GeoJSON is an open standard designed to represent geographical features (and non-spatial features) based on JavaScript Object Notation (JSON). This format was written and is maintained by an Internet working group of developers. 

 

GEOSPATIAL 

Geospatial refers to data that has a geographic component to it such as coordinates, address, city, or zip code.

 

Hackathon

A social event that brings together programmers, subject experts, and advocates to share information and work together to build applications, visualizations, or prototypes to often address an issue or a set of inter-related issues. 

 

Html

Hyper Text Markup Language (HTML) is a language that describes the skeletal structure of a webpage. Internet browsers reference HTML to render the contents of a webpage to a user. 

 

JSON

JavaScript Object Notation (JSON) is a lightweight data-interchange format. It is a text format that is completely language independent but uses conventions similar to the C, C++ and C# family of languages. 

 

KML

Keyhole Markup Language (KML) is a XML-based language for managing the display of three dimensional data on applications such as Google Earth. KML was developed for use with Google Earth and is accepted as an Open Geospatial Consortium Standard. 

 

Legacy

A system that will be superseded by another platform that is more up-to-date. 

 

Licence

The licence that accompanies the publication of a dataset to convey how a user can use or reference the data. Boston open datasets are published with the Open Data Commons Public Dedication and License (PDDL).

 

Machine Readable 

Information or data that is in a format that can be easily read or processed by a computer without human intervention. Machine readable data must be structured data and are often found in CSV, JSON, and XML file formats. 

 

Metadata

Provides descriptive information about data to give it context. Descriptive elements such as title, description, publisher, and license information are important to the discovery and usability of the data that is published. 

 

Open Data

Open data is the proactive release of government collected data that is made publicly available through an open license to enable citizens to freely access, reuse, and redistribute.
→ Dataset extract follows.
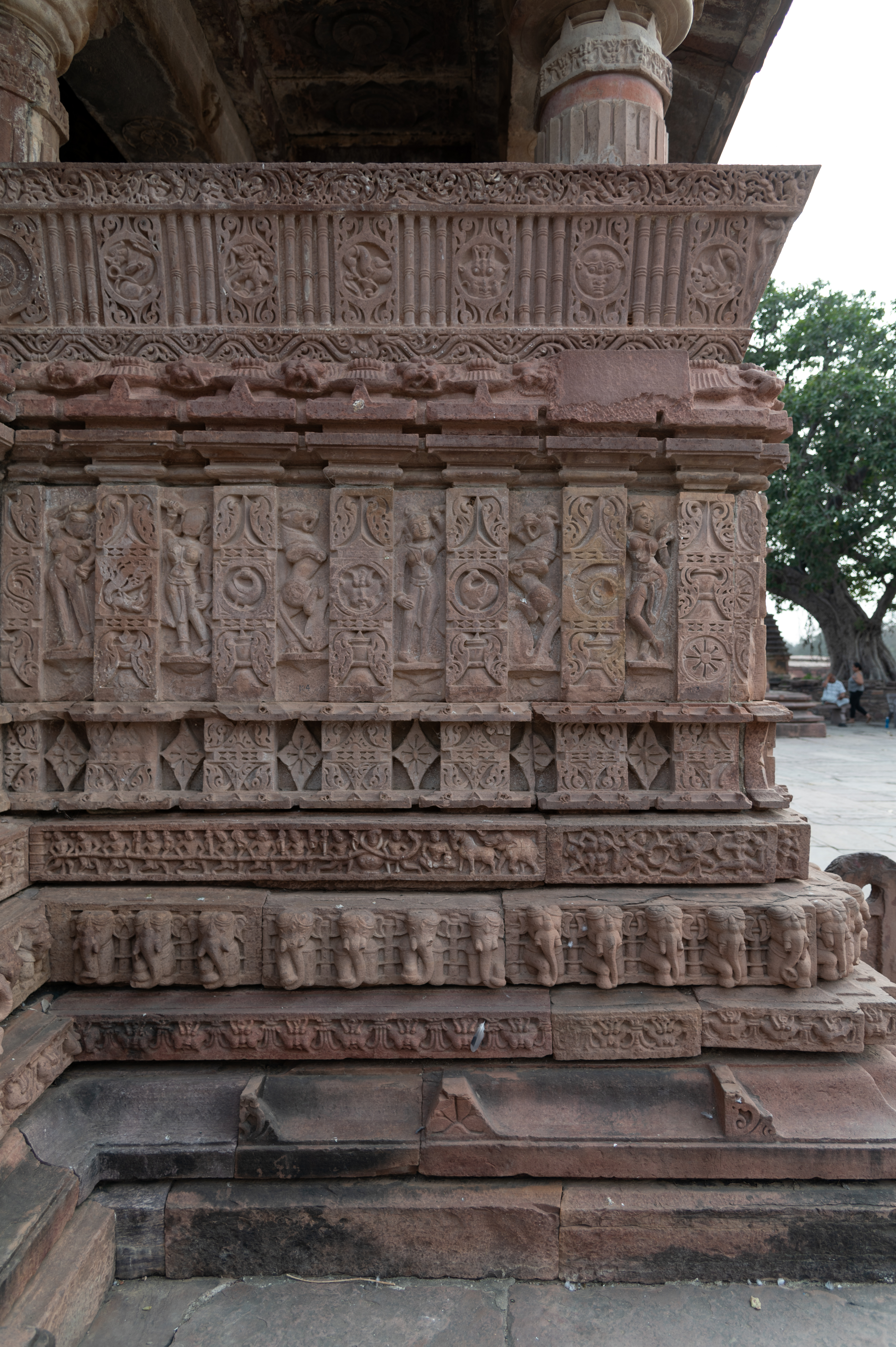 The plinth moulding bands like the gajathara (band of elephants) and narathara (moulding containing human figures) are followed by the kakshasana (seat backs). These have vertical walls which are called the vedika (railing) consisting of rectangular slender geometric patterns that are separated by sculptures. Above the vedika is a slender dwarf wall which acts as the resting backrest from the inside. On the exterior, these slender walls have pilaster motifs with figures in between that are framed by circular niches. The kakshasana is the base of the semi-open mandapa (pillared hall) of the temple.

From a technical perspective, open data is available in machine readable file formats and allows users to download data related to government operations or service delivery in bulk.

 

Open Government

Open government is a governing principle that serves to support transparency, collaboration, and engagement with the public by implementing policies and utilizing technology to emphasize the sharing of government information. 

 

OPEN source

Open source software is freely available to the public. Users are free to inspect it, modify it, and use the code for their own purposes. 

 

Public domain

No copyright exists over the work and users can utilize available data for their own purposes without restrictions. 

 

PUBLIC record

The Massachusetts General Laws broadly define public records to include all "books, papers, maps, photographs, recorded tapes, financial statements, statistical tabulations, or other documentary materials or data, regardless of physical form or characteristics, made or received by any officer or employee" of any Massachusetts governmental entity. Click here for more information.

 

Structured data

Structured data refers to data where structural relationships between elements are retained and stored on a computer disk. PDFs and word processing documents are not structured forms of data because the logical structure cannot (or is nearly impossible) to extract automatically. 

 

Tags

Keywords that help users discover datasets of interest.

 

ToPICS

An organizational framework to group like datasets together to provide context and meaning to a user.

 

URL

Uniform resource locator (URL) when used with HTTP is a character string or web address that references a web page. 

 

XML

Extensible Markup Language (XML) defines rules or standards for encoding content in a format that is easily readable for both human and machine. XML can be used by any individual or group that wants to share information in a consistent way. 

 

zip

A computer file whose contents are compressed to facilitate storage or transmission. It often carries the .zip file extension.